Task item
From the first line to the last, restate every record word for word, leaving out the pictures.

Information given

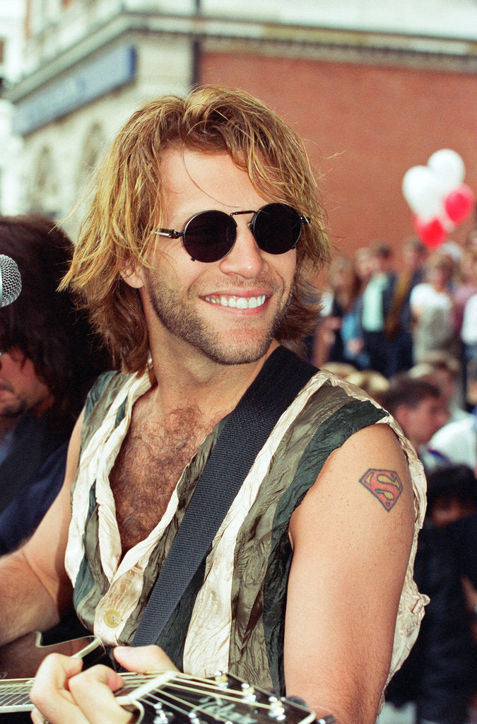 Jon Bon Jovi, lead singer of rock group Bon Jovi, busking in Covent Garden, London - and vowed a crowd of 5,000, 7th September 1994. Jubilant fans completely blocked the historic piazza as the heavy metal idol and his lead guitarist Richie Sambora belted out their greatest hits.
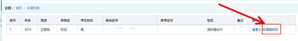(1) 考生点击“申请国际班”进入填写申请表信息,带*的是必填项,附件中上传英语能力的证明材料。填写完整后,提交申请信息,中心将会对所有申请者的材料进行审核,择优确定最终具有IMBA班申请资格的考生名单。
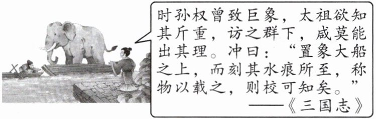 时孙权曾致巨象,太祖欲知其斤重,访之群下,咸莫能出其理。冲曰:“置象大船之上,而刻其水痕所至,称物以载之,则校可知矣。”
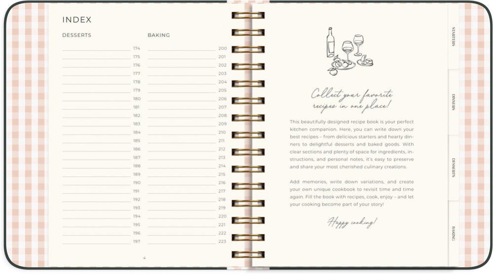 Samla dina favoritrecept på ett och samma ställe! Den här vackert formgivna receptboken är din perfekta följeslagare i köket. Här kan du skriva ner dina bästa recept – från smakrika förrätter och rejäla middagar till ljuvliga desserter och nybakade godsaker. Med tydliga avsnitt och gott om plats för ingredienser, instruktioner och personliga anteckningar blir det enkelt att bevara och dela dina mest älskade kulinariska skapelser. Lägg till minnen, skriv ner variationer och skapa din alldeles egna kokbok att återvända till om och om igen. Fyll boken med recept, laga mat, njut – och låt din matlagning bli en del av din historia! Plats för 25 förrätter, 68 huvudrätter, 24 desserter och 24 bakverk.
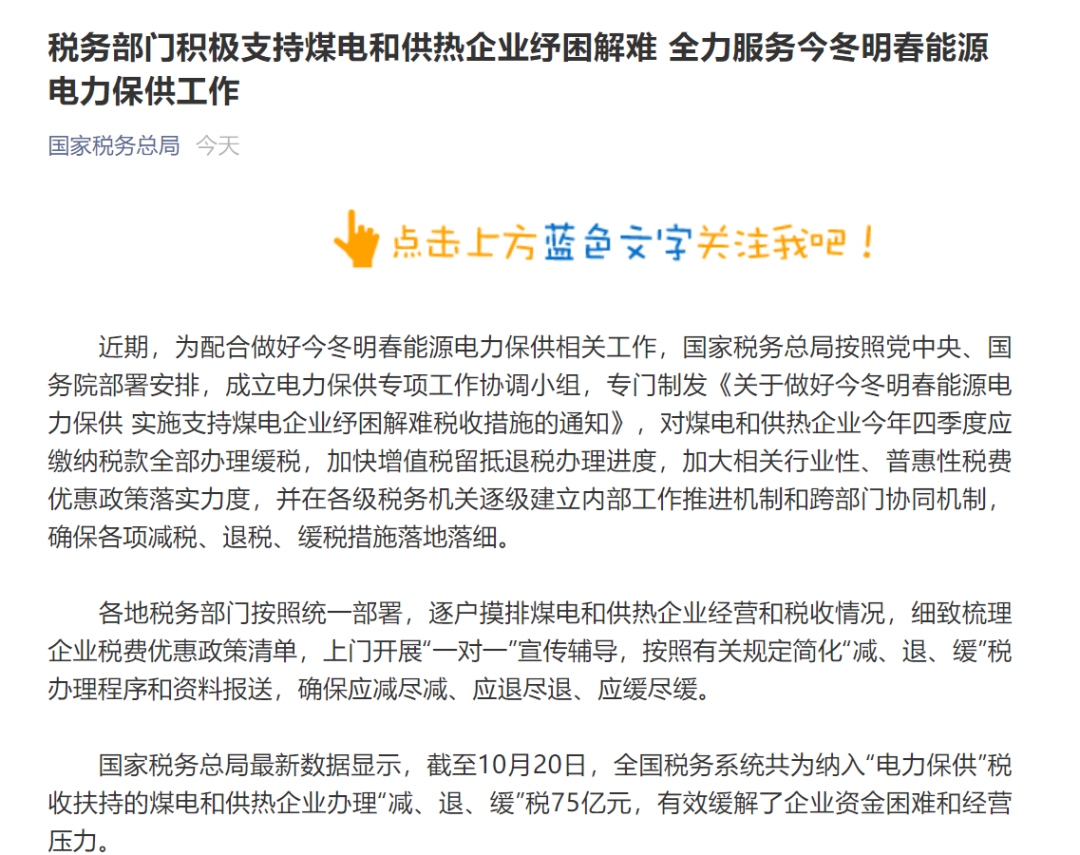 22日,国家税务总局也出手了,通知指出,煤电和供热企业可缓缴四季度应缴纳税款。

Solution to this problem
 Jon Bon Jovi, lead singer of rock group Bon Jovi, busking in Covent Garden, London - and vowed a crowd of 5,000, 7th September 1994. Jubilant fans completely blocked the historic piazza as the heavy metal idol and his lead guitarist Richie Sambora belted out their greatest hits.
(1) 考生点击“申请国际班”进入填写申请表信息,带*的是必填项,附件中上传英语能力的证明材料。填写完整后,提交申请信息,中心将会对所有申请者的材料进行审核,择优确定最终具有IMBA班申请资格的考生名单。
 时孙权曾致巨象,太祖欲知其斤重,访之群下,咸莫能出其理。冲曰:“置象大船之上,而刻其水痕所至,称物以载之,则校可知矣。”
 Samla dina favoritrecept på ett och samma ställe! Den här vackert formgivna receptboken är din perfekta följeslagare i köket. Här kan du skriva ner dina bästa recept – från smakrika förrätter och rejäla middagar till ljuvliga desserter och nybakade godsaker. Med tydliga avsnitt och gott om plats för ingredienser, instruktioner och personliga anteckningar blir det enkelt att bevara och dela dina mest älskade kulinariska skapelser. Lägg till minnen, skriv ner variationer och skapa din alldeles egna kokbok att återvända till om och om igen. Fyll boken med recept, laga mat, njut – och låt din matlagning bli en del av din historia! Plats för 25 förrätter, 68 huvudrätter, 24 desserter och 24 bakverk.
 22日,国家税务总局也出手了,通知指出,煤电和供热企业可缓缴四季度应缴纳税款。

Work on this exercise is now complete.